## [DIRECTIONS]
Would you please set down the data again exactly as given, excluding the pictures?

Recorded data:
--------------------------------------------------
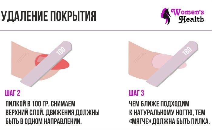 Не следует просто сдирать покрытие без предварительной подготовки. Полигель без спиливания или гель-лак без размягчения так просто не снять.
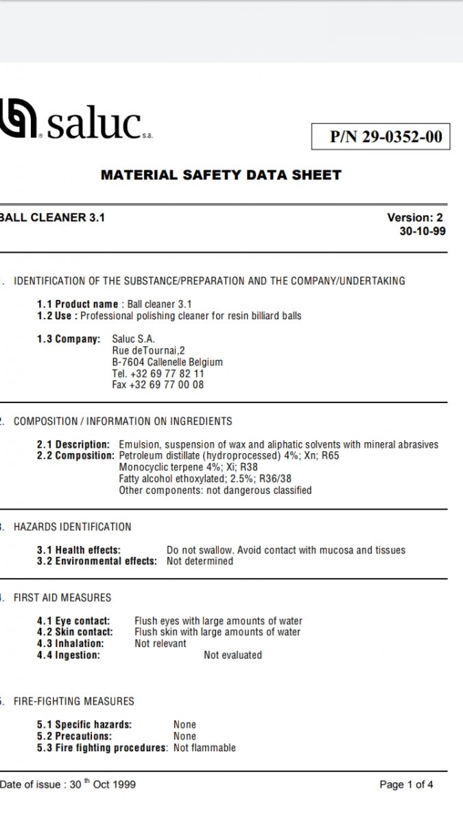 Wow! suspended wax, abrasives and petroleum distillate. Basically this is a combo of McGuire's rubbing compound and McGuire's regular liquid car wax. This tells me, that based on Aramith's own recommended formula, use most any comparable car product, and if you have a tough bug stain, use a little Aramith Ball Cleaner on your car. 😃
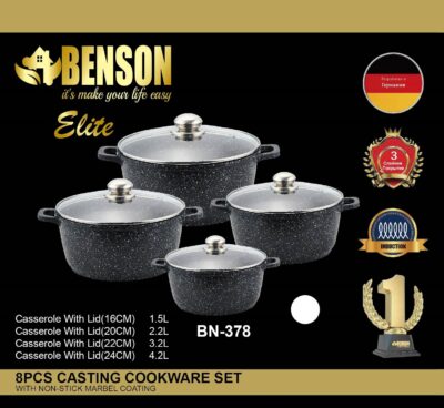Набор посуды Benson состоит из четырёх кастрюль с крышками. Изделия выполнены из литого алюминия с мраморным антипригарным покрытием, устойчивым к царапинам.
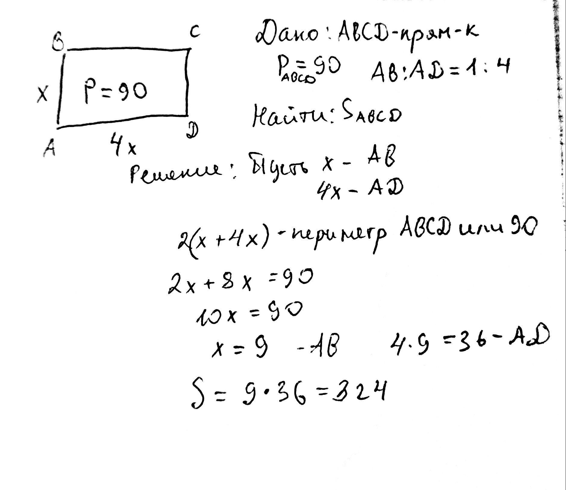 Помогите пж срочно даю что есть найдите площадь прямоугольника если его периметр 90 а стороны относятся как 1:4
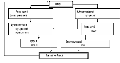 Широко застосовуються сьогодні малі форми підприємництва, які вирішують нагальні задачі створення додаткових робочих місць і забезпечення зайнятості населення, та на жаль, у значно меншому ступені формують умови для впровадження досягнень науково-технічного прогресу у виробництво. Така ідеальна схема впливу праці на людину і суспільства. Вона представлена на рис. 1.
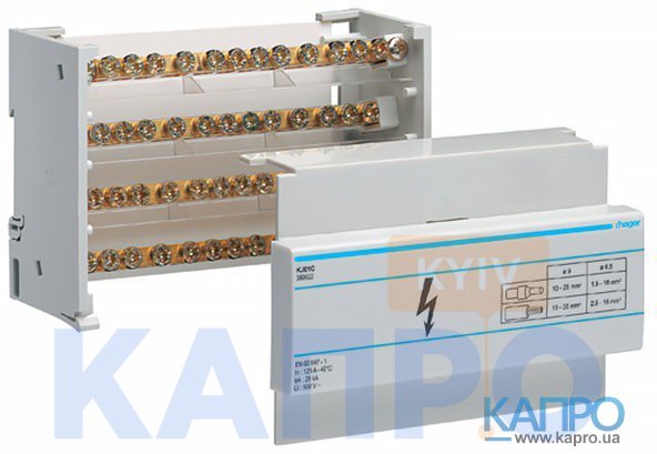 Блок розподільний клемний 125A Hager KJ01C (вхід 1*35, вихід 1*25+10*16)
--------------------------------------------------
## [PROBLEM SOLUTION]
 Не следует просто сдирать покрытие без предварительной подготовки. Полигель без спиливания или гель-лак без размягчения так просто не снять.
 Wow! suspended wax, abrasives and petroleum distillate. Basically this is a combo of McGuire's rubbing compound and McGuire's regular liquid car wax. This tells me, that based on Aramith's own recommended formula, use most any comparable car product, and if you have a tough bug stain, use a little Aramith Ball Cleaner on your car. 😃
Набор посуды Benson состоит из четырёх кастрюль с крышками. Изделия выполнены из литого алюминия с мраморным антипригарным покрытием, устойчивым к царапинам.
 Помогите пж срочно даю что есть найдите площадь прямоугольника если его периметр 90 а стороны относятся как 1:4
 Широко застосовуються сьогодні малі форми підприємництва, які вирішують нагальні задачі створення додаткових робочих місць і забезпечення зайнятості населення, та на жаль, у значно меншому ступені формують умови для впровадження досягнень науково-технічного прогресу у виробництво. Така ідеальна схема впливу праці на людину і суспільства. Вона представлена на рис. 1.
 Блок розподільний клемний 125A Hager KJ01C (вхід 1*35, вихід 1*25+10*16)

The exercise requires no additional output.